Krader and his guys try and try to get the Chief to sign over the deed to the land, but he's having no part of it. Until Ernest the idiot steps in to completely mess up everything, as he is wont to do.

No, really...The whole "rape of the land" section is just lawyer-speak.
The Chief, foolishly believing Ernest is not a complete idiot, despite the mountains of proof showing otherwise, signs the contract, giving Krader the property. Krader immediately tells the camp to get the hell off his land, and he sends a crew of construction guys, led by foreman Bronc Stinson (Lyle Alzado). When Ernest confronts Bronc, he gets a thorough beatdown. Like, a should-not-be-in-a-PG-rated-kids'-movie beatdown. It's ugly.

Worse than the beating Sonny gave Carlo in The Godfather.
after being treated by Nurse St. Cloud, Ernest goes back to his cabin to pack and sings a goddamn song to his turtle, because the viewer hasn't suffered enough already. The kids show up and stop him, thankfully, and tell him they don't want to give up yet, and they formulate an A-Team-esque plan to convert the school bus into an engine of murder and destroy the construction crew's equipment and stop them destroying the camp.

And die in a mist of disintegrated flesh and bone by doing stupid things.
Will Ernest and his ragtag crew of delinquents stop Krader and his crew? Will Jake and Eddie ever find the perfect ingredient to make the elusive Eggs Erroneous recipe that we probably should have mentioned earlier? Will this movie ever end?!? You'll have to listen to find out! (Or, if you have way too much joy in your life, watch the movie.)

Larry picked this because, not only did he want to hurt Derek, but he also actually likes this movie. He is, however, fully willing to admit that it is stupid, but he feels that it's a fair trade-off. He is wrong.

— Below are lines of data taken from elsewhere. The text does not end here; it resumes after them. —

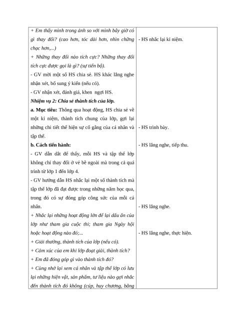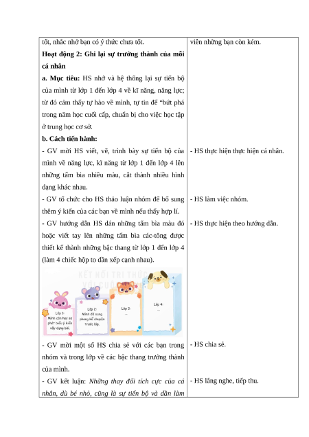 - Nhận diện được sự thay đổi của bản thân thông qua các tư liệu, các sản phẩm được lưu giữ.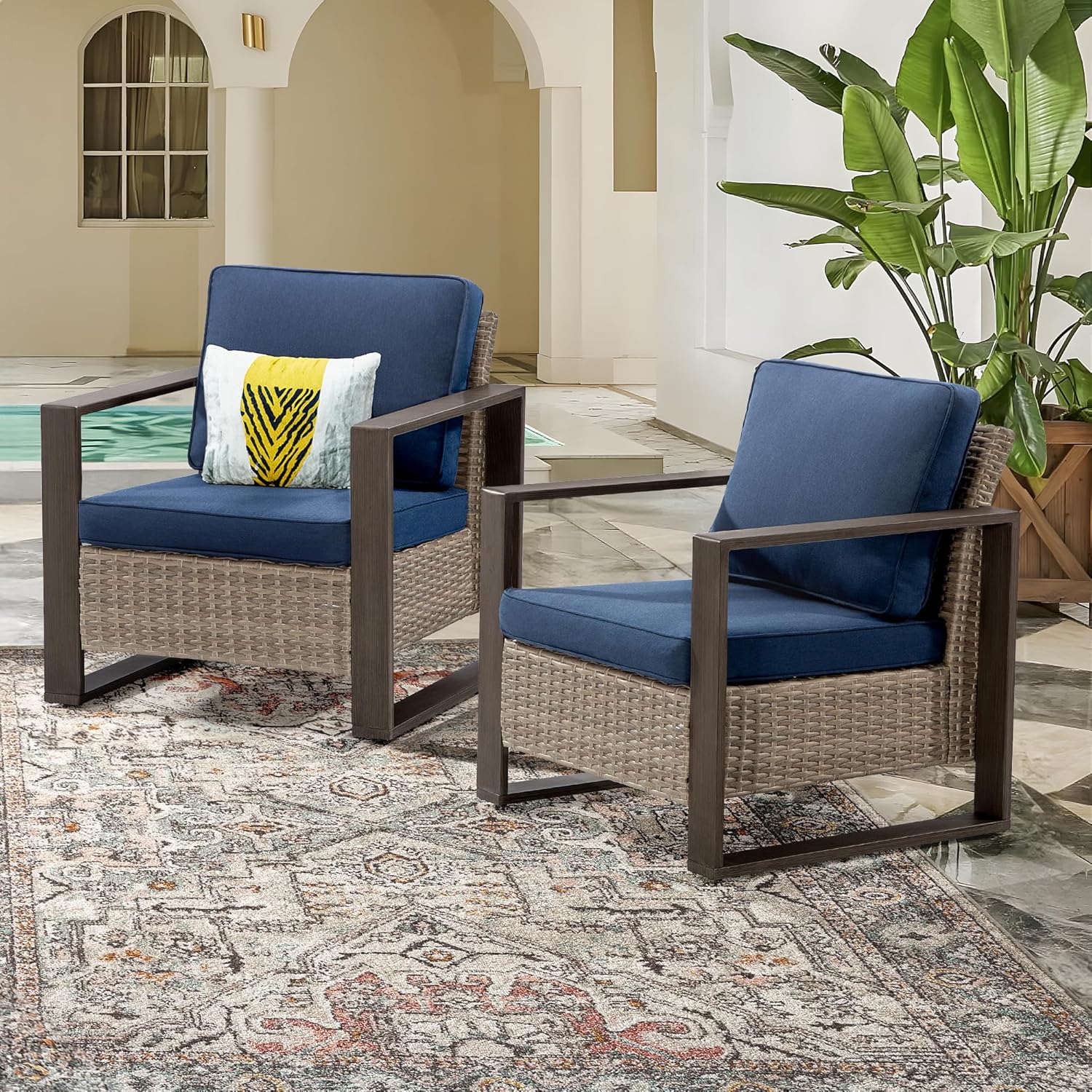 Patio Metal Wicker Chairs Set of 2, All Weather Outdoor Rattan Dining Chairs with Rectangular Framed Wood-Looking Armrest & Fade-Resistant Cushions for Deck Balcony Backyard, Dark Blue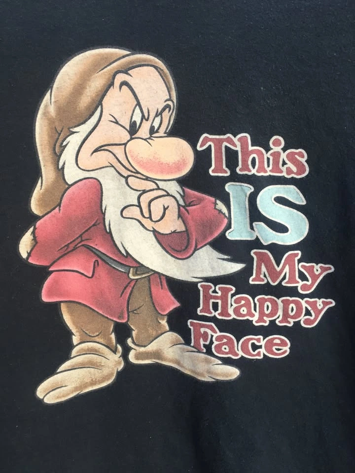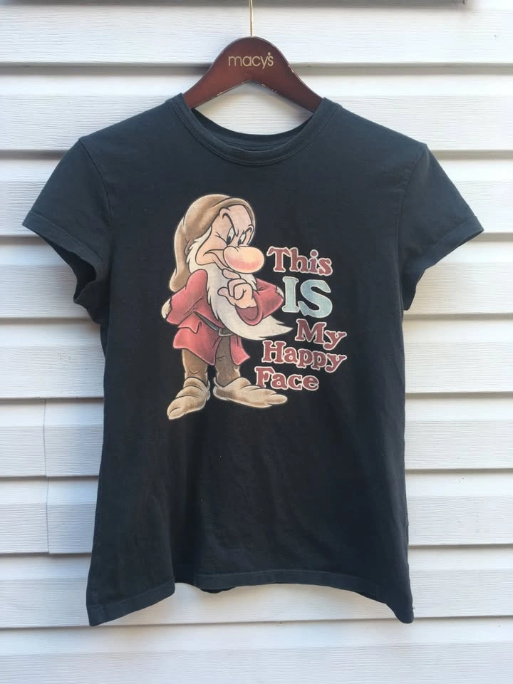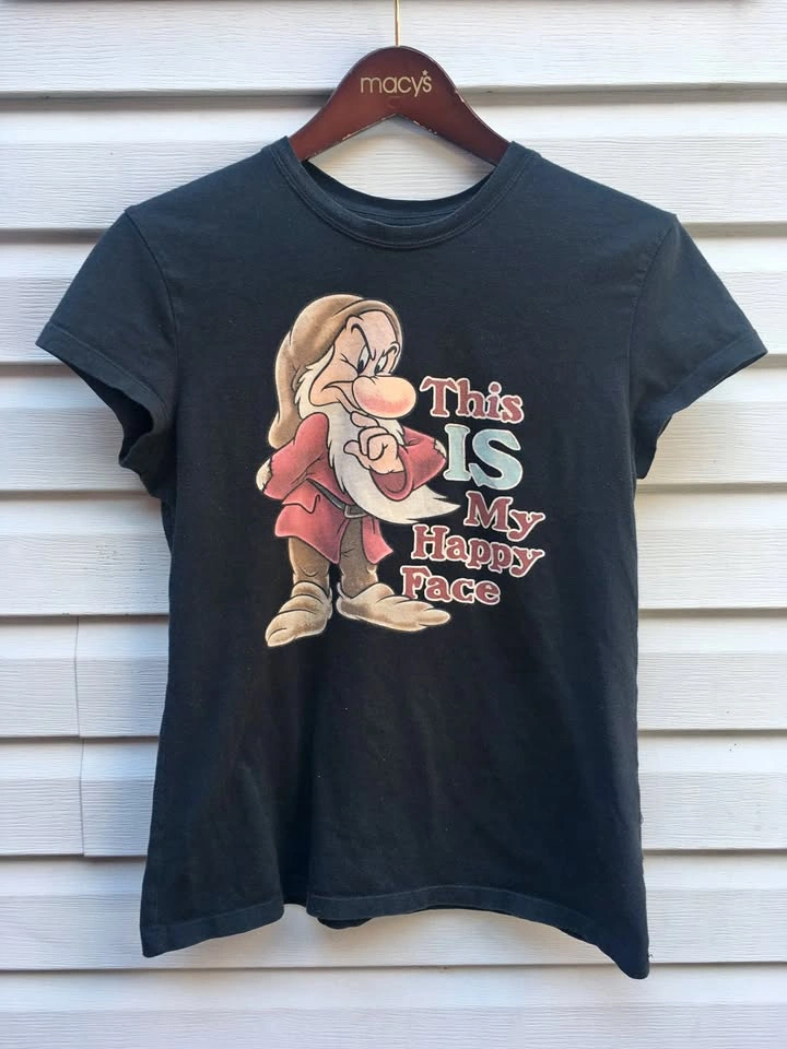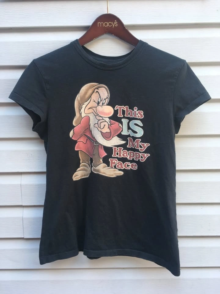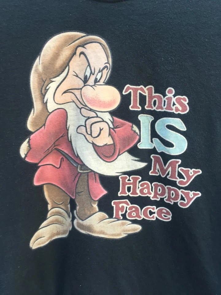 Disney Grumpy This Is My Happy Face T-Shirt - Size Large Short sleeve Grumpy tee is in excellent condition with no holes or tears. When laid flat, shirt measures 24” from top to bottom and 16” across body. 100% cotton construction. From a smoke and pet free home. Check out in person before purchasing. Thanks for looking.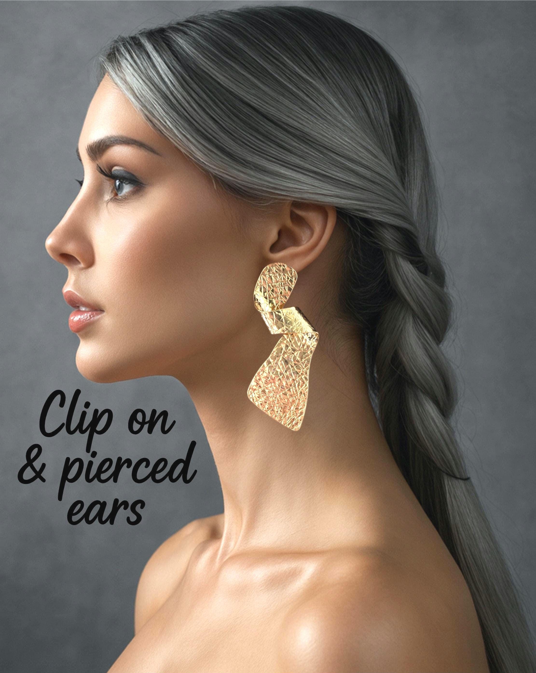 Make a seriously striking style statement with these gorgeous gold-tone abstract drop earrings. Designed with a beautifully textured, crinkled metal effect and a unique sculptural silhouette, they’re the perfect pair for anyone who loves bold, modern jewellery.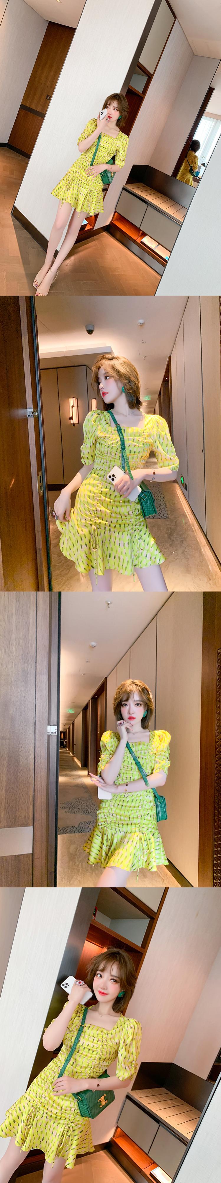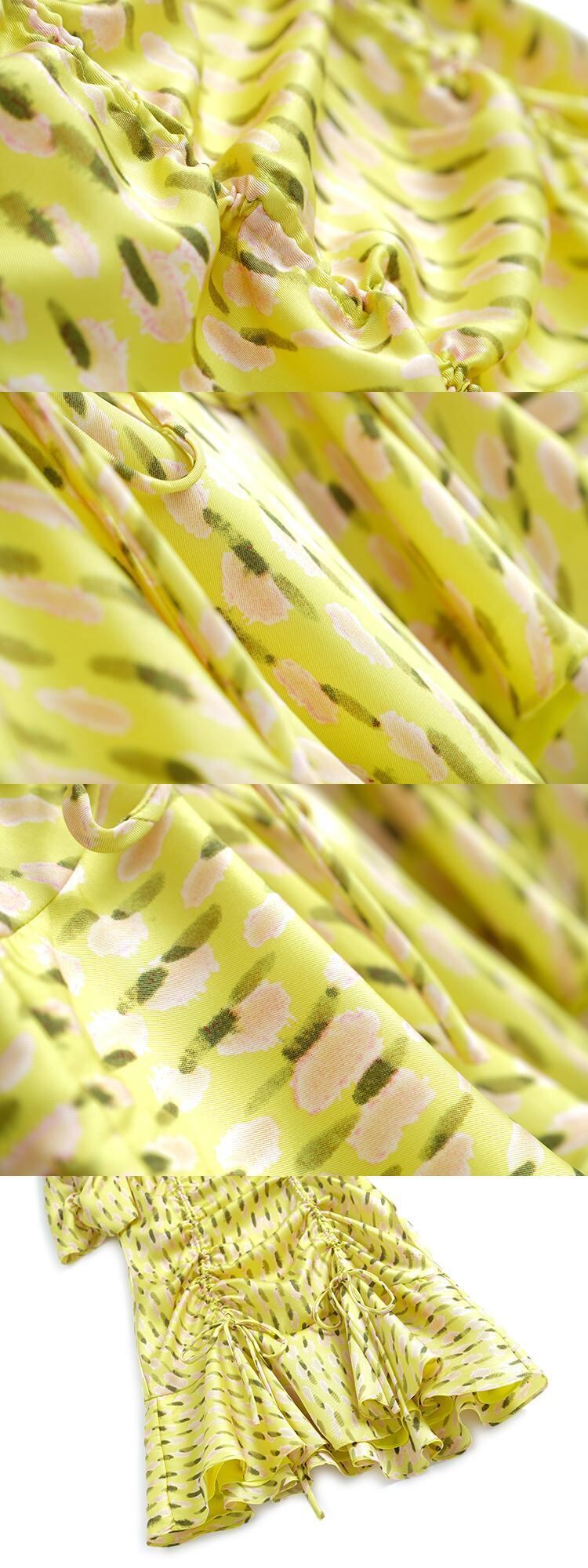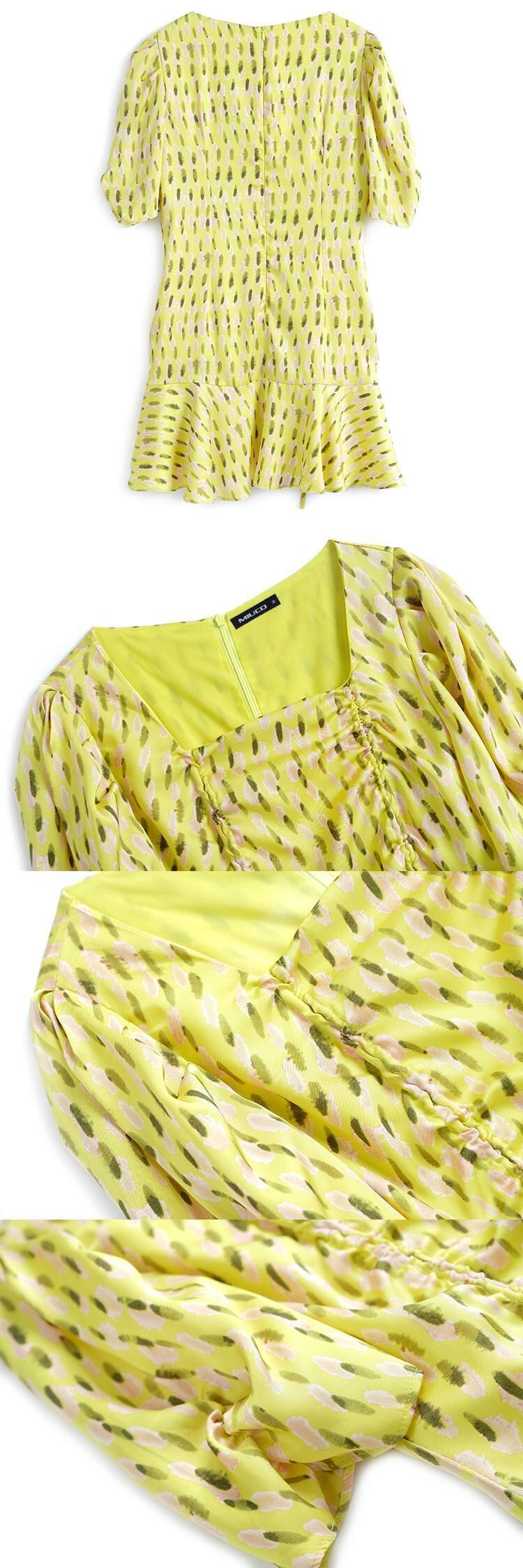 ギャザースリムウェストプリント柄ドレス スクウェア MIUCO28539200528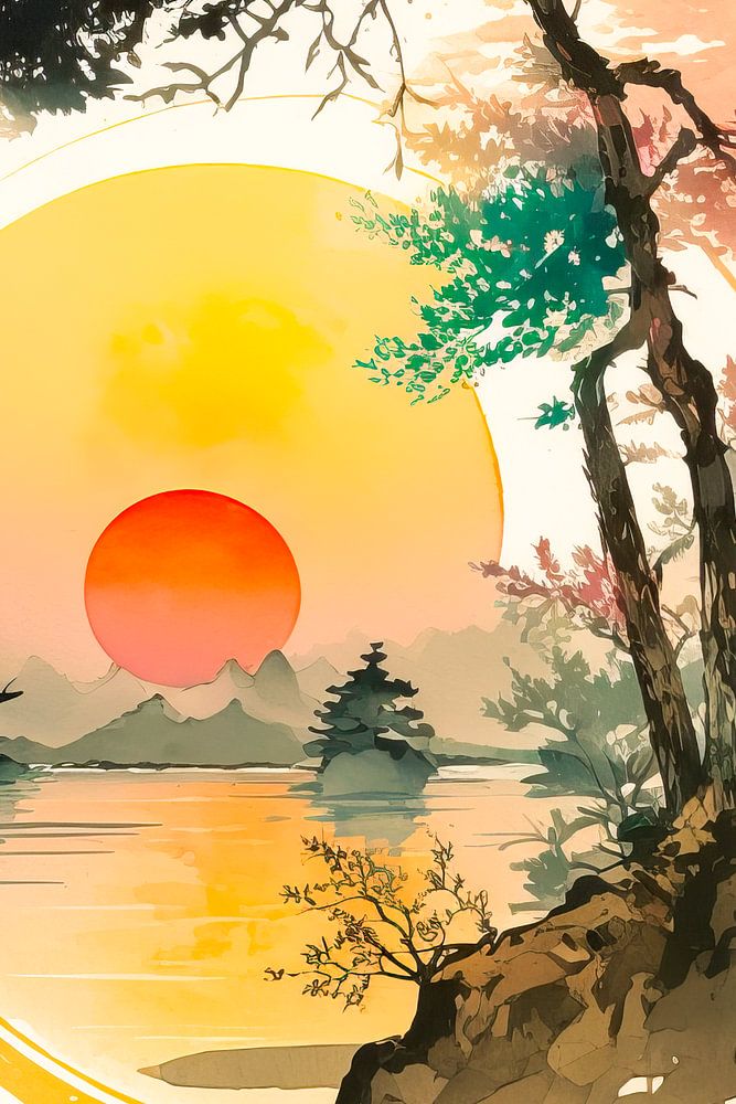 Eine japanische Naturlandschaft mit Bäumen, einem See oder einer Bucht, in der sich die aufgehende Sonne im Wasser spiegelt.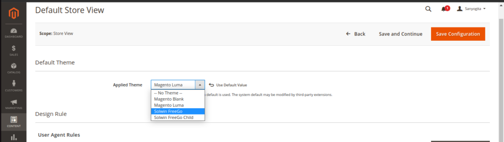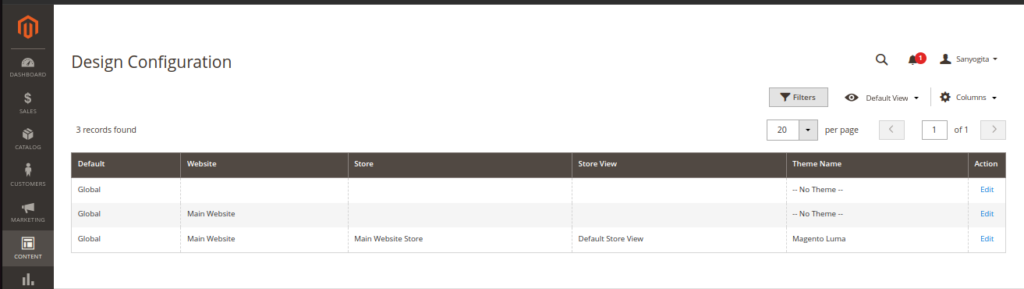 a) Login to the admin panel of the Magento store and go to the content>Design>Configuration.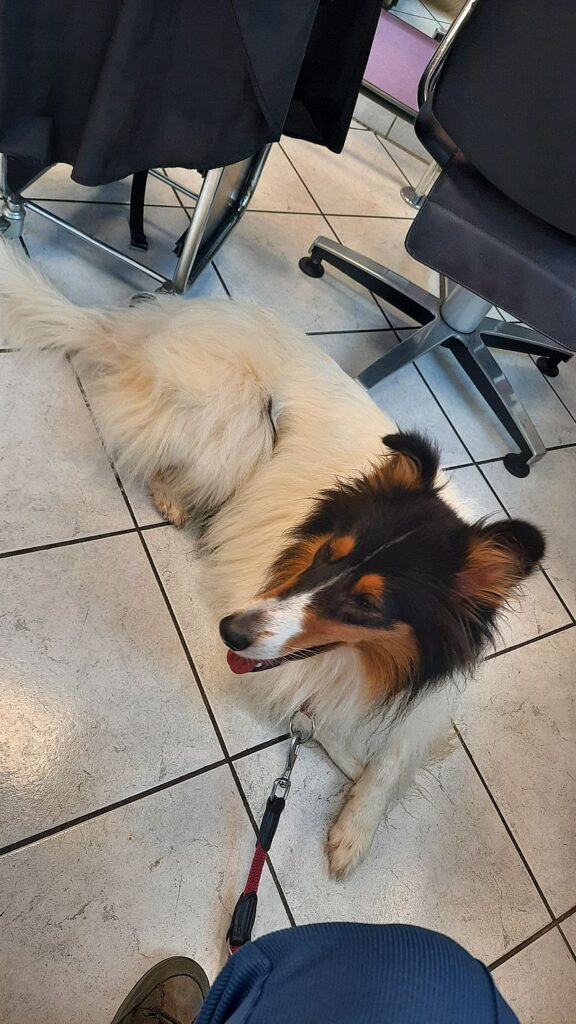 Mina zum 1. körpersprachlichen Longiertraining, Gassi gehen üben an der Leine, und mit Mama und Jana Knochen kauen 😉 Ebenfalls neu Hähnchenhälse langsam fressen üben… auch in der Kita mit Manisha 😛

Derek didn't like it, but he has certainly seen worse. His biggest issue with the movie is that, although it is only rated PG, it is surprisingly violent, and he is certain that numerous basically innocent people were killed by Ernest and his evil minions.

Jake fell somewhere between the others. He chalks it up mostly to nostalgia, and is willing to give the stunning amount of super-violent scenes a miss because, according to him, the 80s were a different time.

So dust off that denim vest, hit yourself in the face numerous times with a metal shovel, and enjoy this week's episode! KnowhutImean?